Assignment
Copy the records below exactly, leaving out any pictures.

Available data
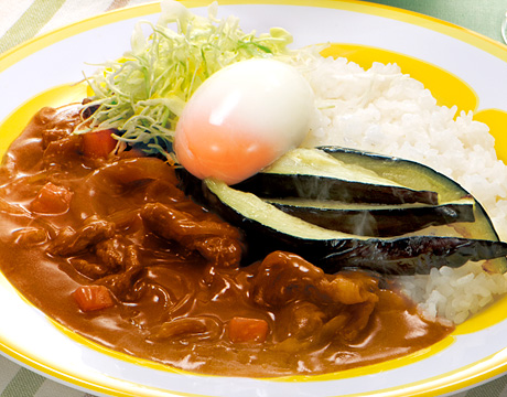 カレーに肉が入ってない場合、蛋白質補給の意味で温玉乗せる
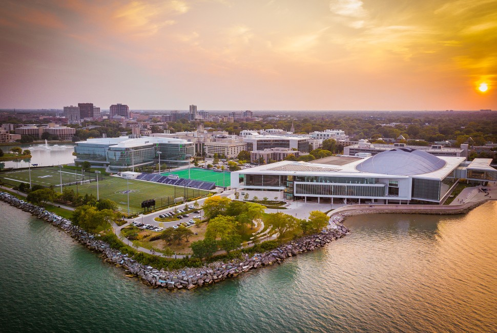 The Lakefill. The campus sits directly on the shores of Lake Michigan. On a clear day, students sit on the painted rocks looking out at the endless blue water with the Chicago skyline in the distance. It is one of the best views in American academia.]
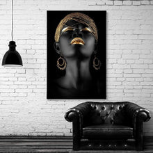 Stunning Black and Gold African Woman Canvas Art - Modern Home Decor (12"x18" Gallery Wrapped)
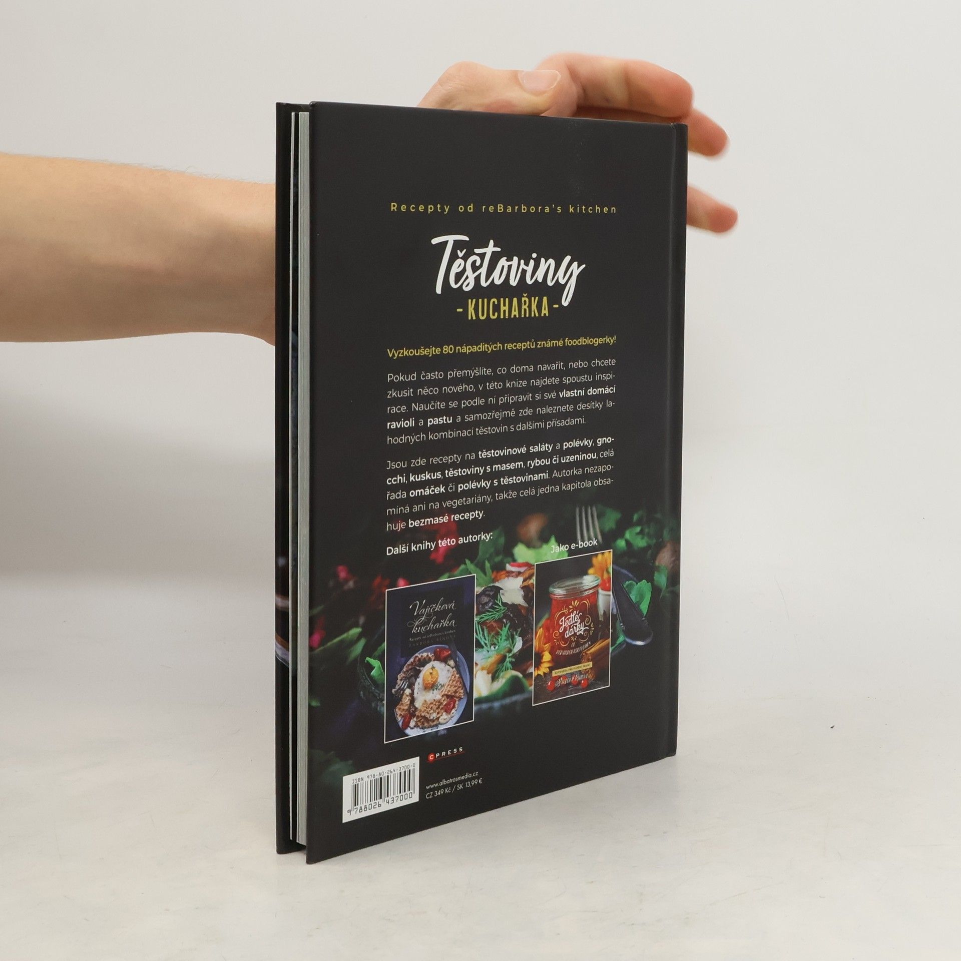 Recepty od reBarbora‘s kitchen. Vyzkoušejte 80 nápaditých receptů známé foodblogerky! Pokud často přemýšlíte, co doma navařit, nebo chcete zkusit něco nového, v této knize najdete spoustu inspirace. Naučíte se podle ní připravit si své domácí ravioli a pastu, a samozřejmě zde naleznete desítky lahodných kombinací těstovin s dalšími přísadami. Jsou zde recepty na těstovinové saláty a polévky, gnocchi, kuskus, těstoviny s masem, rybou či uzeninou, celá řada omáček, polévky s těstovinami. Autorka nezapomíná ani na vegetariány, takže celá jedna kapitola obsahuje bezmasé recepty.
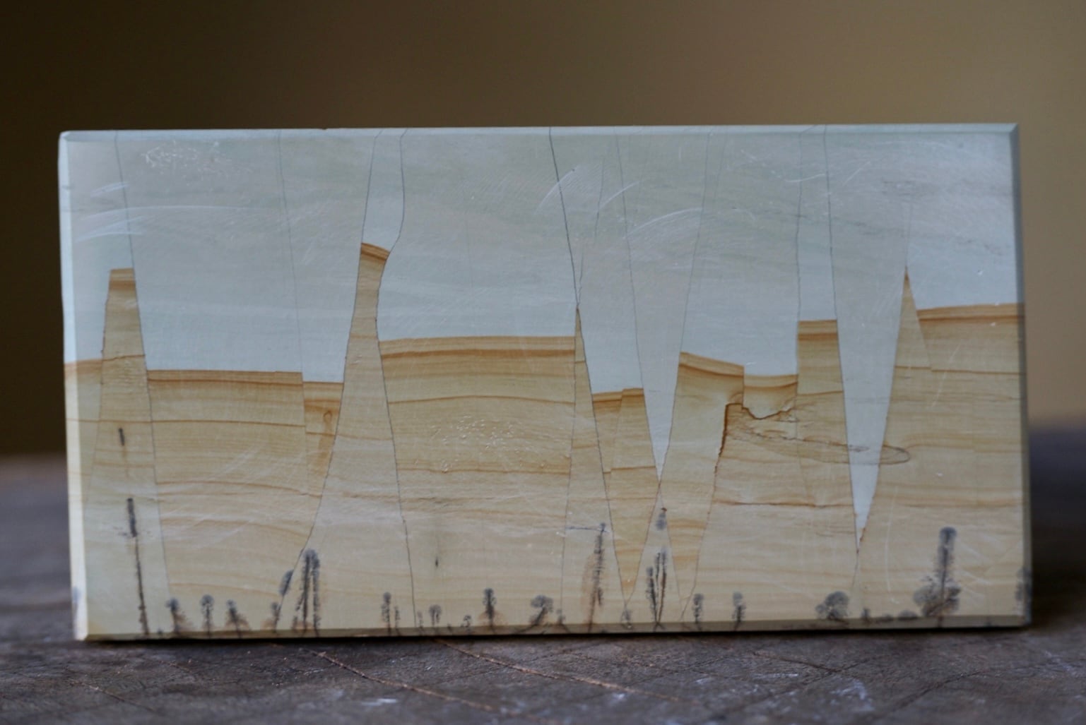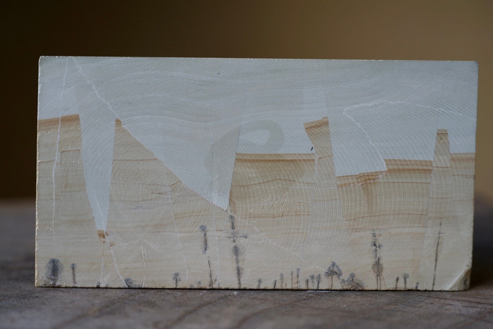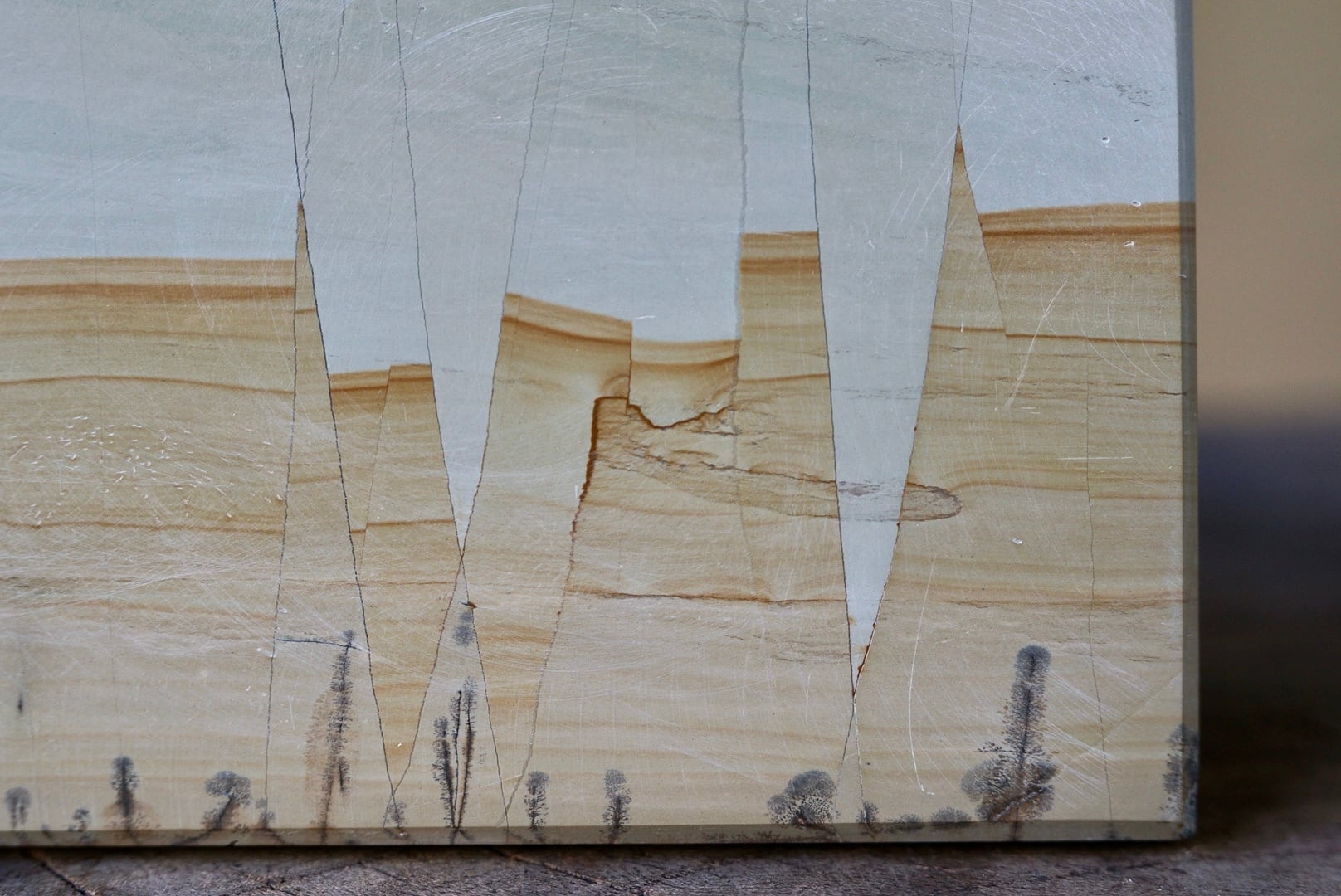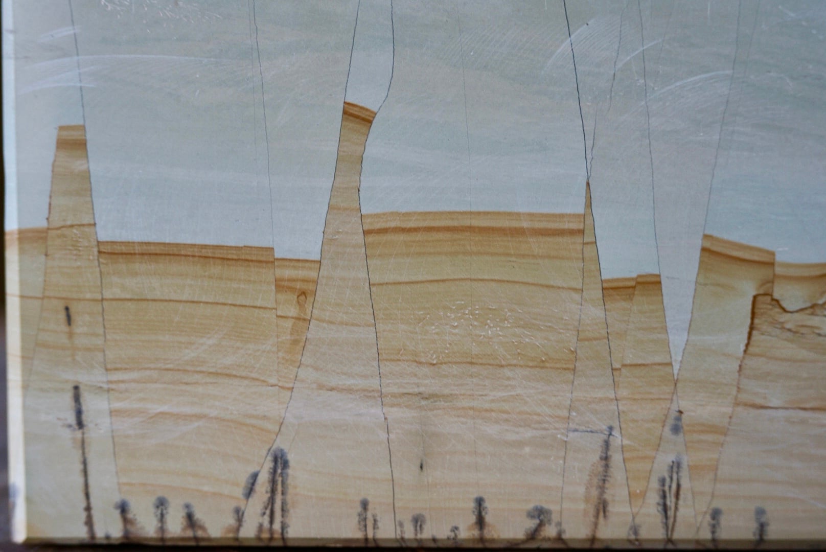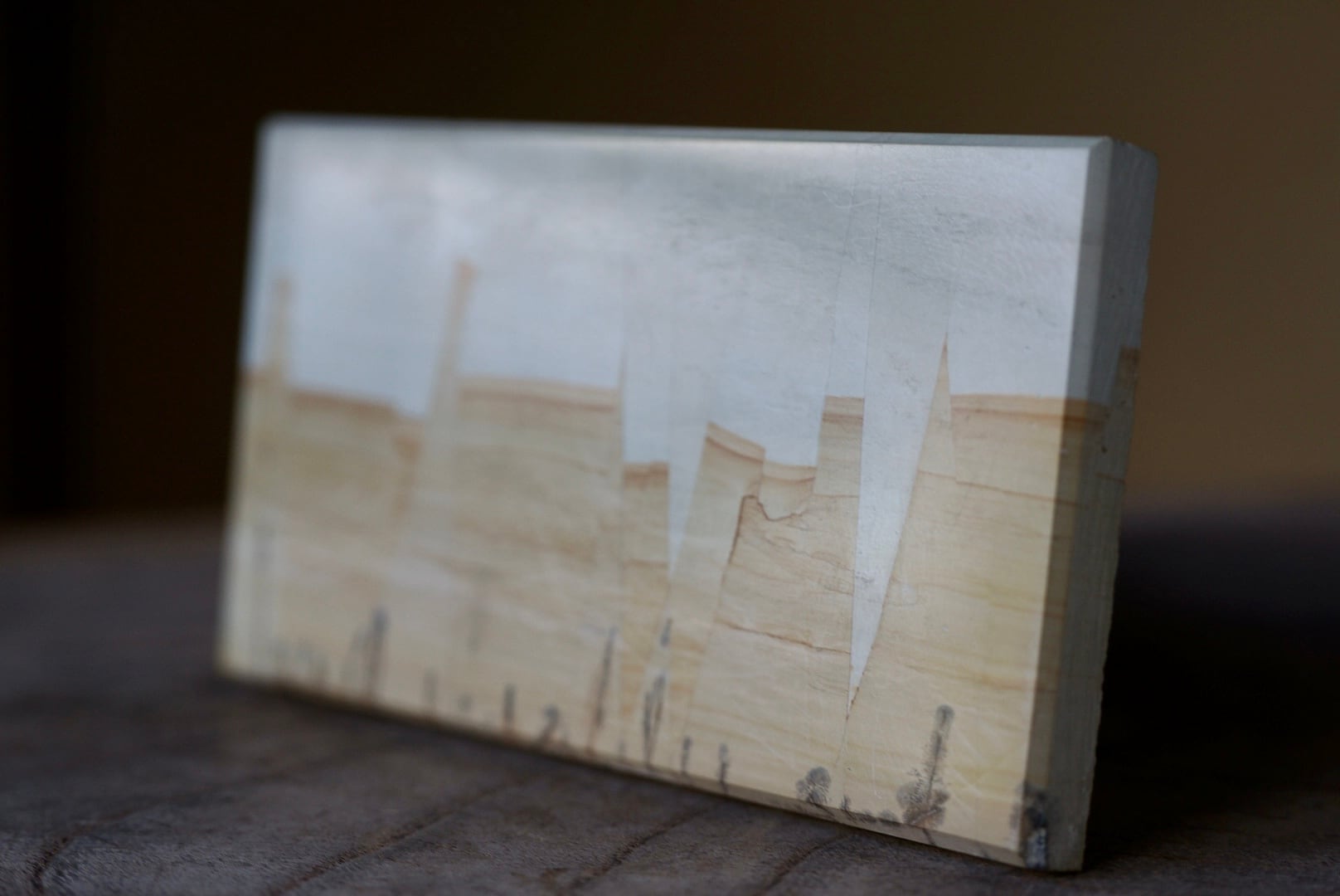 「Paesine」とはイタリア語で風景を意味し、荒涼な大地と空や海を思わせるその図像は見る者を幻想の世界へ誘います。

Task response
 カレーに肉が入ってない場合、蛋白質補給の意味で温玉乗せる
 The Lakefill. The campus sits directly on the shores of Lake Michigan. On a clear day, students sit on the painted rocks looking out at the endless blue water with the Chicago skyline in the distance. It is one of the best views in American academia.]
 Stunning Black and Gold African Woman Canvas Art - Modern Home Decor (12"x18" Gallery Wrapped)
 Recepty od reBarbora‘s kitchen. Vyzkoušejte 80 nápaditých receptů známé foodblogerky! Pokud často přemýšlíte, co doma navařit, nebo chcete zkusit něco nového, v této knize najdete spoustu inspirace. Naučíte se podle ní připravit si své domácí ravioli a pastu, a samozřejmě zde naleznete desítky lahodných kombinací těstovin s dalšími přísadami. Jsou zde recepty na těstovinové saláty a polévky, gnocchi, kuskus, těstoviny s masem, rybou či uzeninou, celá řada omáček, polévky s těstovinami. Autorka nezapomíná ani na vegetariány, takže celá jedna kapitola obsahuje bezmasé recepty.
 「Paesine」とはイタリア語で風景を意味し、荒涼な大地と空や海を思わせるその図像は見る者を幻想の世界へ誘います。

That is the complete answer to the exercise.